I put a lot of effort into creating work that is informative, useful, and independent from undue influence. If you’d like to support my writing, please consider becoming a paid subscriber to this newsletter. Doing so helps me put more effort into writing/research, reach more people, and supports my crippling chocolate milk addiction. Help me democratize the most important ideas in AI Research and Engineering to over 100K readers weekly. You can use the following for an email template.

Help me buy chocolate milk

PS- We follow a “pay what you can” model, which allows you to support within your means, and support my mission of providing high-quality technical education to everyone for less than the price of a cup of coffee. Check out this post for more details and to find a plan that works for you.

This article is the final part of our mini-series about Language Model Alignment. If you want to catch the others, make sure you read-

A New Way to Control Language Model Generations: A technique for attribute-based control over LLM generations to have an efficient way to control toxicity, tone, and other aspects of your LLM.
How Amazon is Rethinking human evaluation for generative large language models: A framework for reducing the amount of Bias in Human Evaluations of LLMs.
How to Automatically Jailbreak OpenAI’s o1: Techniques for automatically red-teaming Language Models, told to me by people who were involved in red-teaming o1.

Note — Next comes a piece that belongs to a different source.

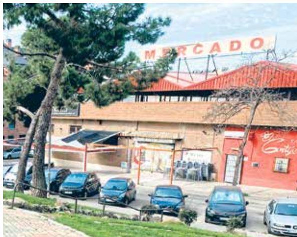
▲ La parte trasera del Mercado de Numancia vista desde la calle de Pico de la Maliciosa

comenzarán en unas semanas, durarán hasta el verano de 2025, y supondrán la inversión de 1,6 millones de euros. Fuentes municipales explican que esta actuación tiene como objetivo regenerar un espacio que constituye un centro neurálgico de socialización e interacción de los vecinos de la zona y que abarca las calles de Josefa Díaz, Castalia de Vallecas, Dolores Folgueras, Rogelio Folgueras, Pico de la Maliciosa y el parque ubicado junto a este último viario. Para ello, se renovarán y mejorarán los pavimentos, se actualizarán los itinerarios peatonales para garantizar la accesibilidad, se instalará un nuevo alumbrado de alta eficiencia energética y se plantarán 51 nuevos árboles.

There is a lot of discussion about LLM Safety and how we need to train our Gen AI to become more like Son Heung-Min and less like Diego Costa. Arguments for this alignment tend to fall into either (or both) two major camps-

AGI (or super-intelligence) is coming. It will take over and enslave/do bad things to humans. The only way to stop this is to build Moral Alignment so that AGI is all about Peace and Love (a mindset we humans have fully embraced and can teach flawlessly). This is the premise behind Ilya Sutskever’s new 5B startup.
Existing tools like ChatGPT can be co-opted into tools that can convince their users to perform harmful actions- divorce their partners, discover new super-viruses (if this were so easy, ChatGPT would have solved cancer), be influenced to vote for a politician/policy, join a cult, etc. To such folk, AI must be gated till we can fully train models to identify harmful requests and refuse them.

In my opinion, both mindsets are not only patronizing (comes with a very strong dose of “we know better than you, so shut up and let us run the show”) but also harmful (by prioritizing this kind of moral alignment, we give the LLM providers a pass from addressing the much more real concerns that plague these systems currently). This article will go over these points in more detail (particularly the latter one) to shift the conversation in a more productive direction. As always, this is based on my opinion, and you are free to disagree. If you have any substantial disagreements, send them over, and I’ll be happy to share them/let you guest post about them.

Executive Highlights (TL;DR of the article)

There are several angles one could take to critique the idea of a perfectly morally aligned system. For example, I could argue that on a technical level: AGI itself is a loosely defined idea with no real benchmarks; data is a very lossy representation of reality so it’s impossible to build high-fidelity and generalized representations of it through scale is impossible; or that mathematical thinking itself (which is the basis of all AI) has severe limitations that prevent it from being generalized intelligence.

This is why LLMs show an inability to build accurate great spatial representations from text information (text is a very low dimensional mapping, which works for humans b/c we come preloaded with the mappings (decoder for this latent space).

Or I could take a more people perspective and argue that morality has very few concretes and lots of grey areas- making it very difficult to teach AI right from wrong. I could easily tack on clauses on any situation that change right from wrong, several questions have no truly correct answers (is the society of the Brave New World/WallE- where people are kept fed, safe, and happy through control and drugs good or bad?), and we are champions at not only acting but also celebrating hypocrisy: we root for superheroes while cheering against villains even though both rely on violence to impose their morality on whoever disagrees. The only difference b/w a hero's protection and a villain’s tyranny is that the hero defends the status quo, and, in doing so, justifies our sensibilities. Even in superhero stories where the hero rebels against society- they rebel for a society that approximates our own. There are no modern heroes who fight for the freedom to punch grandmas, kick puppies, or actively promote racism. And there’s shifting morality based on history, which is a whole other can of worms. Best of luck teaching an AI about this.

My apologies for the somewhat long tangent on superheroes and morality. Back to the topic at hand of morally aligning AI.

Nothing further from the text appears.